From: dgkilday57
Message: 71669
Date: 2014-01-03
T.L. Markey proposed an etymological connection between Germanic *baina- 'bone' and Latin _fi:nis_ 'border, boundary, limit' (Gmc. *baina- 'bone' and Other Monstrosities, NOWELE 2:93-107, 1983). Relying on a long metalinguistic preamble involving the phenomenology of perception, he argued that the inherited word for 'bone' was replaced by one for 'skeleton' when Germanic perceptual reinterpretation required new terminology. This term for 'skeleton' would originally have signified 'item defining limits of a pattern, limit of a configuration' vel sim. in agreement with Lat. _fi:nis_ as 'delimitation, border'. According to Markey, _fi:nis_ was used "usually in reference to a tree, or an upright post that designated territorial limits" and can thus also be brought into connection with Old Norse _beinn_ 'upright, straight, even, favorable'. This adjective is attested as a simplex only in North Germanic, but Markey noted the _Ba:ningas_ in Widsith and Latinized Frankish _Bainobaudes_.
Apart from the
twilight-zone metalinguistics underlying the presumed development 'skeleton'
> 'bone', Markey's explanation falters with the Latin usage of _fi:nis_. A tree or upright post can mark only one
point on a territorial border. The
border itself either follows a natural geographic feature, such as a river or
ridge-line, or it is artificially established by beating a path.

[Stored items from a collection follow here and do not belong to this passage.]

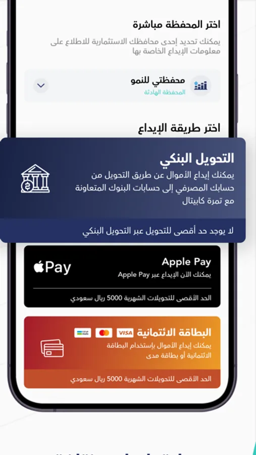 • Multiple deposit options: Start your investment journey by depositing into your portfolio’s wallet in a way that suits you, with the different payment channels available in our application
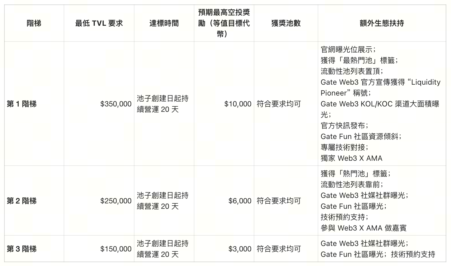 達標池將獲得「熱門池」標籤、流動性列表置頂展示,以及Gate Web3 社媒社群、Gate Fun 社群資源傾斜與官方宣傳渠道曝光等額外生態扶持。
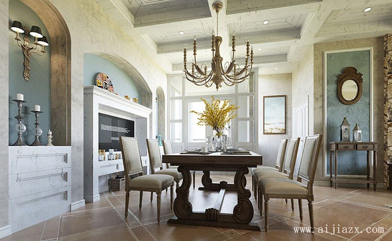 美式装修风格的饭厅混入欧式元素,天花设计成方格状加以细网格的饰入小圆排灯,创意吊灯设计,半凿穿的拱形壁面装修,既可当酒柜使用又可以放些小装饰物,美式的家庭餐桌餐椅颜色刚好与棕色的地板相互映衬。
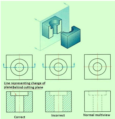 Figure 6 illustrates a full section view of an object. As shown in the correct drawing, the section lined areas are bounded by visible lines, never by hidden lines, because the bounding lines are visible in the section view Visible surfaces and edges that represent a change of planes behind the cutting plane are drawn as lines in a section view.
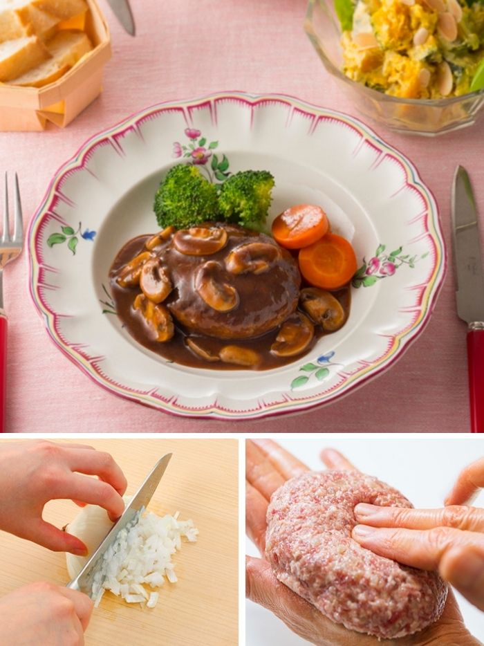人気のメニュー、ハンバーグ。コクのあるドミグラスソースで煮込み、ふっくら、ジューシーに仕上げましょう。
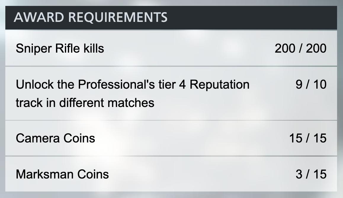 Now it's time for the remaining marksman coins. I didn't know you HAD to be the professional for it but other classes don't get marksman bonus ― even when using sniper rifles ― that's why I only had 3
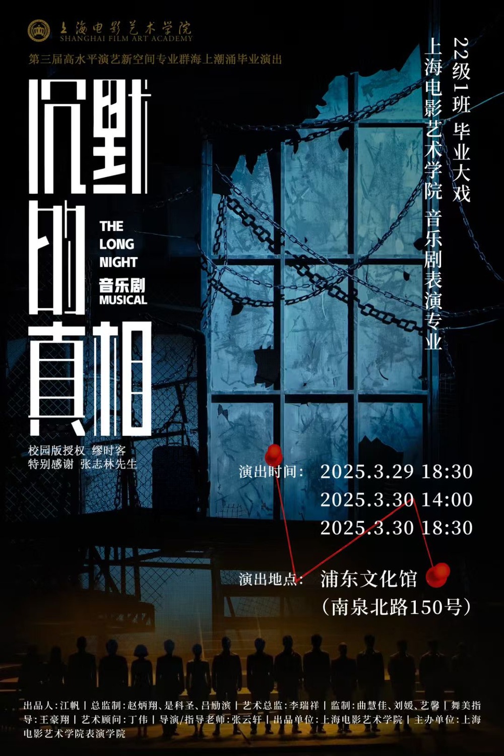 音乐剧《沉默的真相》剧情简介:改编自紫金陈的小说《长夜难明》,通过三条并行的故事线,深度挖掘故事内核,将“权与法”、“罪与罚”、“善与恶”呈现在观众面前。该剧讲述了检察官江阳、刑侦专家严良、支教老师侯贵平等角色追寻真相的故事,剧情跌宕起伏,线索步步串联,高能反转不断。音乐剧中的“流行摇滚”风格的音乐,与长夜下的压抑氛围相呼应,成为角色发声的出口。全剧在悬疑中埋伏大爱深情,既烧脑也泪目,用歌声呐喊,让沉默的真相触及人心。
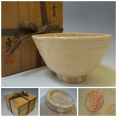 - 【M-46】九谷 三代目 上出喜山 茶碗 共箱付 茶道具

In a paper submitted before he read Markey's, E.P. Hamp proposed a much more mundane motivation for Germanic replacement of the inherited word for 'bone' (German _Bein_, Old English _ba:n_; Slavic _kostI_, NOWELE 6:67-70, 1985). A thematized form of PIE *h2e/osth1- 'bone', Gmc. *asta-, would have fallen together with *h2ozdo- 'branch', also Gmc. *asta- (Gothic _asts_ etc.). This would lead to the use of a disambiguating participle with the bones of butchered animals, *bH@... 'cut, lopped off' from the PIE root *bHeih2- 'to strike, beat' (whence Old Irish _ben(a)id_ 'beats' etc., IEW 117-8). The Gmc. phrase *bainaN astaN 'lopped off bone/branch' would simply lose its head noun, leaving *bainaN to signify 'bone'.
In fact one expects the oxytone PIE participle *bHih2-nó- to lose its laryngeal by Dybo's Law in Germanic, yielding *bina- not *baina-.
A. Bammesberger agreed with Markey's connection of Gmc. *baina- with ON _beinn_ and Lat. _fi:nis_ (Lateinisch _fi:nis_ und urgermanisch *baina-, HS 103:264-8, 1990). His paper is cited favorably by M. de Vaan (EDL s.v. _fi:nis_), with the PIE root in question the same as Hamp's. Implicit in de Vaan's treatment is the semantic development 'boundary marker beaten into the ground' > 'border' for _fi:nis_ (whose PIE protoform would need to be accented *bHíh2-ni- to get the long Latin vowel after Dybo's Law). For *baina-, it would be something like 'boundary marker beaten into the ground' > 'upright marker' > 'upright (member), (leg-)bone'.
I believe the PIE root has been identified correctly, but the semantic side needs revision. Regarding _fi:nis_, I have already noted that a border is created artificially by beating a path. This explains the connection between Umbrian _tuder_ 'border' and Latin _tundere_ 'to beat'. For some reason de Vaan (s.v. _tundo:_) instead follows S. Schumacher's unlikely notion that _tuder_ means 'the place where two areas "hit" each other, that is, border on each other' (Die keltischen Primärverben, Innsbruck 2004, p. 645). On the other hand, against Walde-Hofmann and Ernout-Meillet, de Vaan regards the semantic connection between Lat. _callis_ 'rough track, path' and _callum_ 'hard substance, induration' as quite plausible. Beating a path hardens its surface. I propose that _fi:nis_ is semantically parallel to _callis_, and for some reason _fi:nis_ became specialized in denoting the path marking the territorial border of a political entity, like Umb. _tuder_.
In Germanic, PIE *bHoih2-no- with either accent would yield *baina-. I propose that the semantic development was 'beaten hard on the surface' > 'hard-surfaced, case-hardened'. At this point *bainaN astaN disambiguated 'bone' from 'branch', since the deep interior of a bone contains soft spongy marrow, while the exterior is hard. While *bainaN eventually lost its head noun and became the neuter 'bone' as in Hamp's scenario, the adjective *baina- developed from 'hard-surfaced' to simply 'hard, unyielding'. The simplex is unattested in Gothic, but the compound _bainabagms_ 'cornel tree' illustrates the sense, for the cornel or dogwood has hard wood, difficult to use. In North (and probably West) Germanic, the adjective acquired a morally positive sense suitable for proper names, 'unyielding, steadfast, upright, straight, even'.